A Brief Introduction To Lu Xun, The Father Of Modern Chinese Literature
Lu Xun (1881-1936) was the pen name of Zhou Shuren, an influential Chinese writer, essayist, and translator who is commonly considered the ‘father of modern Chinese literature.’ Known for his satirical observations of early 20th-century Chinese society, he is celebrated as a pioneer of modern vernacular Chinese literature and was one of the most important thinkers of his time.
Lu Xun was born in Zhejiang province to an esteemed family. In 1893, his grandfather was sentenced to prison for examination fraud, causing the family’s reputation to decline.
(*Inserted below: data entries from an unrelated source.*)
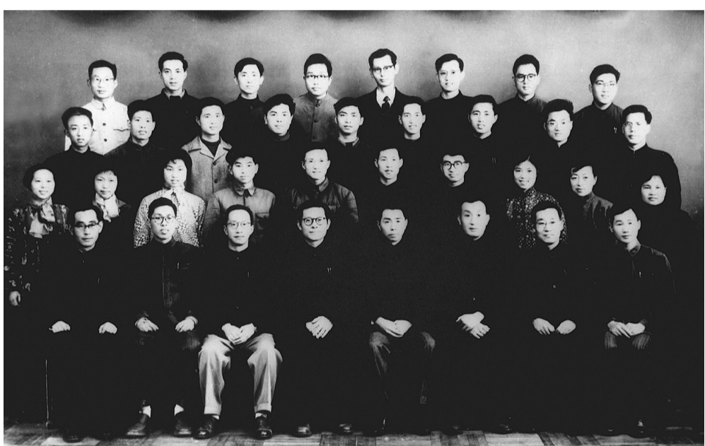
上图:1963年3月,江泽民同志(前排右五)在上海同小型三相异步电机全国统一系列设计领导小组成员合影。
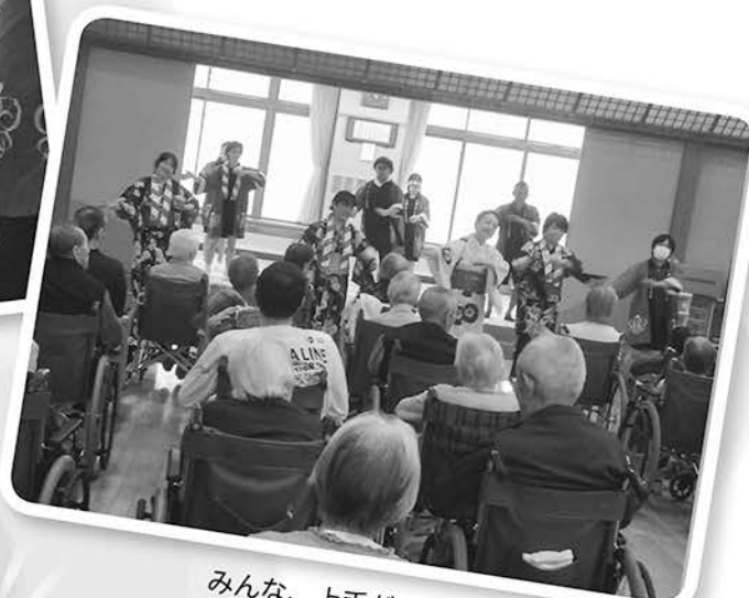
みんな、上手だごど😊
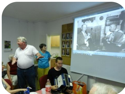
Ugyanaz a harmonika a nagypapa (vetítőképernyőn) és az unoka kezében
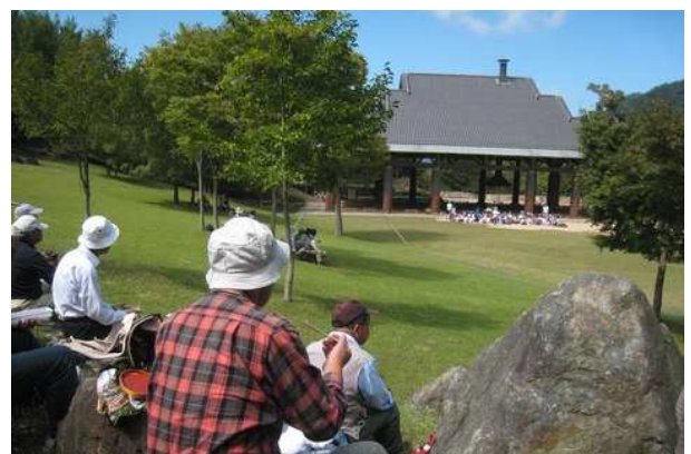
芝生広場から大屋根広場を望む
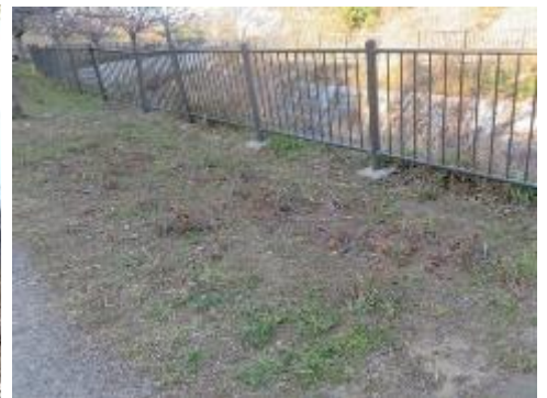
サクラ並木の下に植えているツツジなどが 荒れて見苦しい状態で、対策が必要
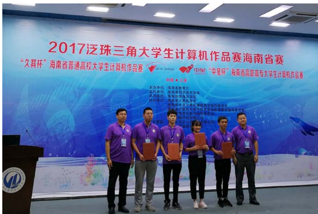
我院学生在 2017 泛珠三角大学生计算机作品赛海南赛区比赛中荣奖一等奖
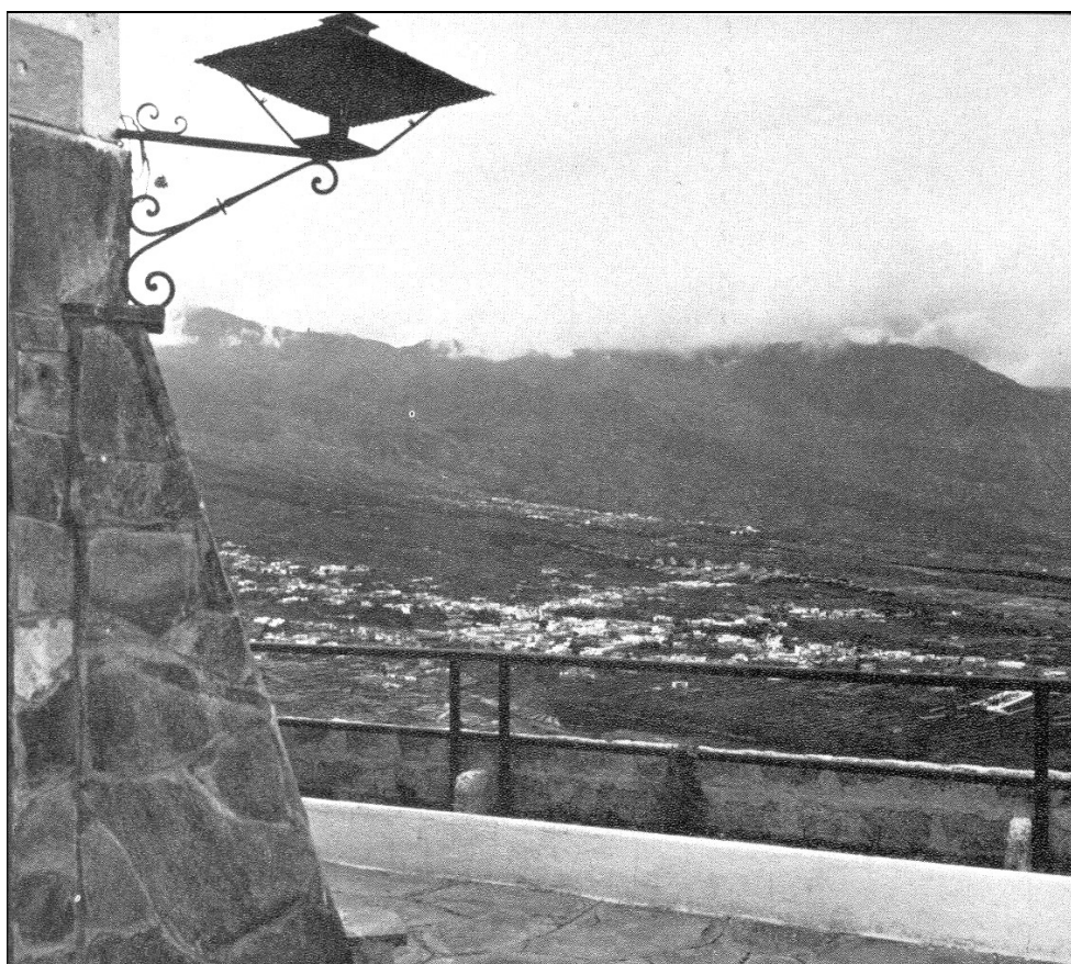
Parte de la vista panorámica del Valle de Güímar que se contemplaba desde el Mirador de Don Martín.
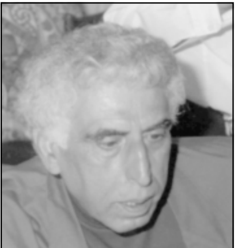
مراكش - «القدس العربي»:

قال الشاعر العراقي سعدى يوسف إنه لا يعمد إلى استغلال الأساطير في شعره لأنه يعتبر أن «أساطير الواقع أكثر جونا» ولأن «الهة الأساطير أقل حقاً»... سعدى يوسف
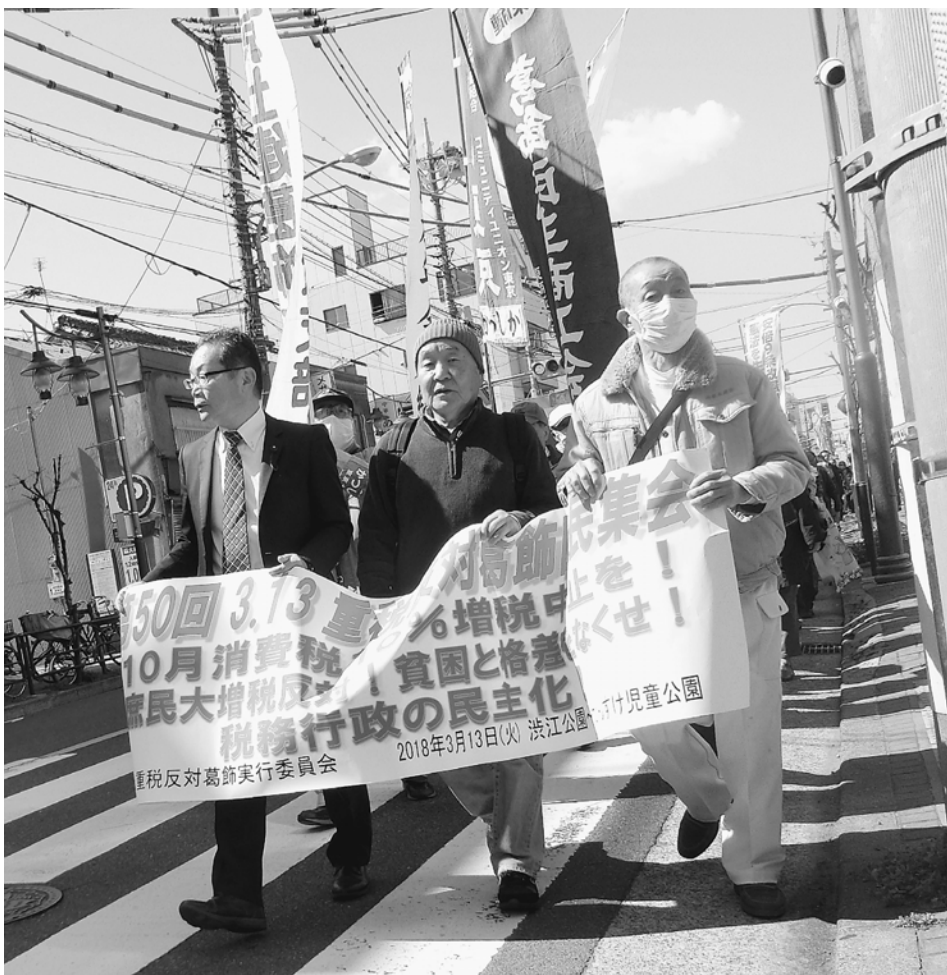
渋江公園からかんすけ公園まで元気よくデモ行進

3月13日(水)、3・13重税反対区民集会と集団申告を行ないました。集会は全体で200人、土建からは80人が参加。集団申告では250人

In addition, they were forced to pay regular and hefty bribes to government officials to avoid his grandfather’s execution, leaving Lu Xun disillusioned with the corruption of the imperial government at a young age.
In 1902, Lu Xun went to Japan to study medicine. However, he soon left school to devote himself to literature, with the belief that China needed to be cured of its ‘spiritual ills’ more than its physical ills. He began to write for radical magazines aimed toward Chinese students in Japan and even attempted to start a literary magazine of his own in 1906, although it was unsuccessful.
He returned to China in 1909 to teach and work. In 1918, he published his first short story, ‘Diary of a Madman.’ Modeled on Nikolai Gogol’s story of the same name, it was a biting satire that condemned traditional Confucian values and was published in New Youth, a journal associated with the May Fourth Movement, a political movement that called for a new social order based on modern, anti-traditional, and democratic values.
Following the success of ‘Diary of a Madman,’ Lu Xun, who worked part-time as a professor at various Beijing universities, went on to write the celebrated short story collections A Call To Arms (1923) and Wandering (1926). His incisive stories, which largely portrayed Chinese village life during the upheavals of the 20th century, condemned contemporary social mores and government corruption, as well as the superstition, depravity, and greed that Lu Xun saw all around him.
In 1927, Lu Xun was forced to flee Beijing due to political and personal reasons, eventually ending up in Shanghai. In the last decade of his life, he stopped writing fiction and instead devoted his time to editing, teaching, translating Russian works, and writing satirical essays. He wrote under various pseudonyms because most of his work was banned from publication by the government.
Lu Xun saw the Communist Party as the only hope for China, but never officially joined the party. He died in 1936 of tuberculosis. After his death, the Chinese communist movement held him up as an exemplar of Socialist Realism, and Mao Zedong hailed him as the ‘commander of China’s cultural revolution.’ To this day, Lu Xun’s works are widely taught and read across China.